本の紹介
2020年初春、大学卒業をまじかに控えていた私は漠然とした不安を抱えていた。
大学を出たら、自分はどんな道を歩むことになるのだろうか。
今までは教育という決められたレールの上を歩いてきた。そして遂にターミナル駅に着こうとしているが、少し遠くから眺めるとそこは田舎の無人駅のようで、出迎えてくれる人は誰もいない。
レールはその駅を境に途切れ、遥か彼方まで途方もないステップの地平線が続いている。
そんな光景を見た時、人はだれしも不安になるだろう。
私にとって、社会人の門出というのはそんな感じだった。
何か指針が欲しい。
そんな時、おもむろに入った本屋でこの本を見つけた。
『2030年の世界地図帳』
著、落合陽一
刊行、2019年
今から3年前に書かれた本で、その執筆段階ではコロナを経験していない。
正真正銘、コロナ前の本だ。
それを受けて、コロナ前のものは古いという意見もあるだろうが、この本のテーマは、「未来を俯瞰すること」だ。

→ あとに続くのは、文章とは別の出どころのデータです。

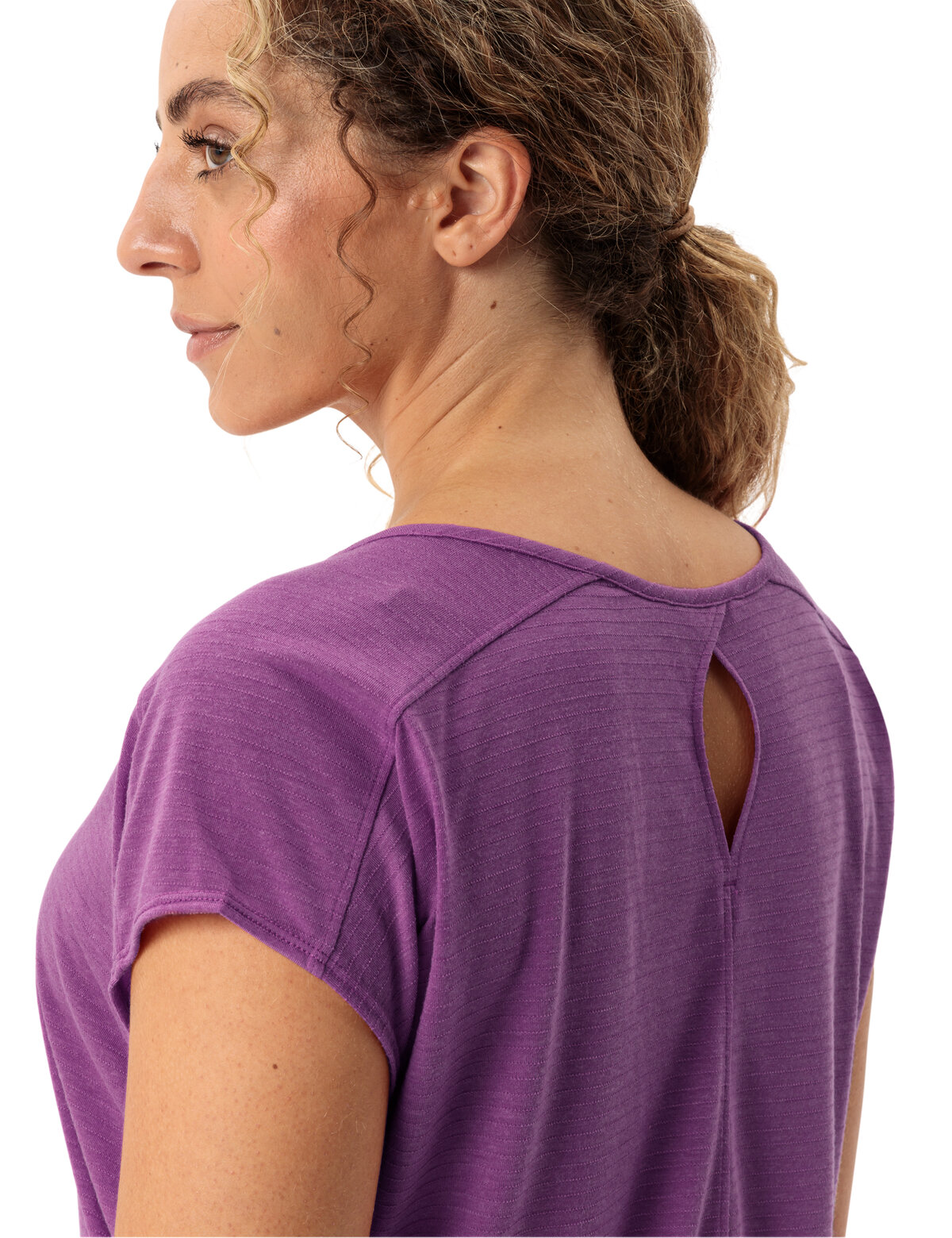 Passt immer: Das T-Shirt eignet sich bestens für moderate Wanderungen und als Basic im Alltag – und ist dabei noch rundum umweltfreundlich. Der Materialmix aus 75 % recyceltem Polyester und 25 % Woodfiber sorgt für einen kühlenden Effekt und verhindert unangenehme Gerüche an warmen Tagen. Das T-Shirt nimmt beim Wandern die Feuchtigkeit gut auf, ohne sich nass anzufühlen und trocknet sehr schnell. Zudem fühlt sich das Material auch bei schweißtreibenden Touren angenehm weich auf der Haut an. Die überschnittenen Arme schützen die Schultern beim Wandern vor Sonneneinstrahlung. Der Bundabschluss liegt figurschmeichelnd und luftig an der Hüfte auf. Modische Akzente liefern der etwas tiefere Halsausschnitt sowie eine kleine dekorative Rückenaussparung. Unser VAUDE Green Shape-Label steht für ein umweltfreundliches, funktionelles Produkt aus nachhaltigen sowie bluesign® zertifizierten Materialien.

今の私たちは、コロナというバイアスに支配されている。何事もコロナ抜きでは考えられなくなっているわけだ。
それはそれで、不都合だと言える。
コロナ禍もいつか終わる。
しかし、ダウ平均株価が最高値を更新して投資が話題になったが、そのあと下落局面が続いて米国株オワコンと叫ばれている今のように、人は流行に影響される生き物だ。
それは時として誤った判断を下してしまうことにもなってしまう。
つまり、冷静に未来を歩む指針は、今も必要ということだ。
そして、この未来のもう一つのテーマは「2030年」だ。
団塊の世代の高齢化や環境問題などなど、日本や世界に圧し掛かる問題は山積している。
その影響は既に顕れており、被害を最小限に抑えるべく行動しなければならないリミットが2030年ということだと私は考えている。
3年前とはいえ、この本が扱っている話はまだ先のことだ。
2019年当時、著者の落合さんが何を考えていたか。
落合さんと言えば、目のクマがはっきり表れるほど活動的で元気を使い切っている人で、かなりの切れ者だと認識しているが、その落合さんの当時の考え方は、指針の一つになるのだろうか。
それを見極めるには、まずこの本の内容を見て考えることが必要だ。
自分なりにアウトプットしたうえで、改めてこの本を紹介したいと思う。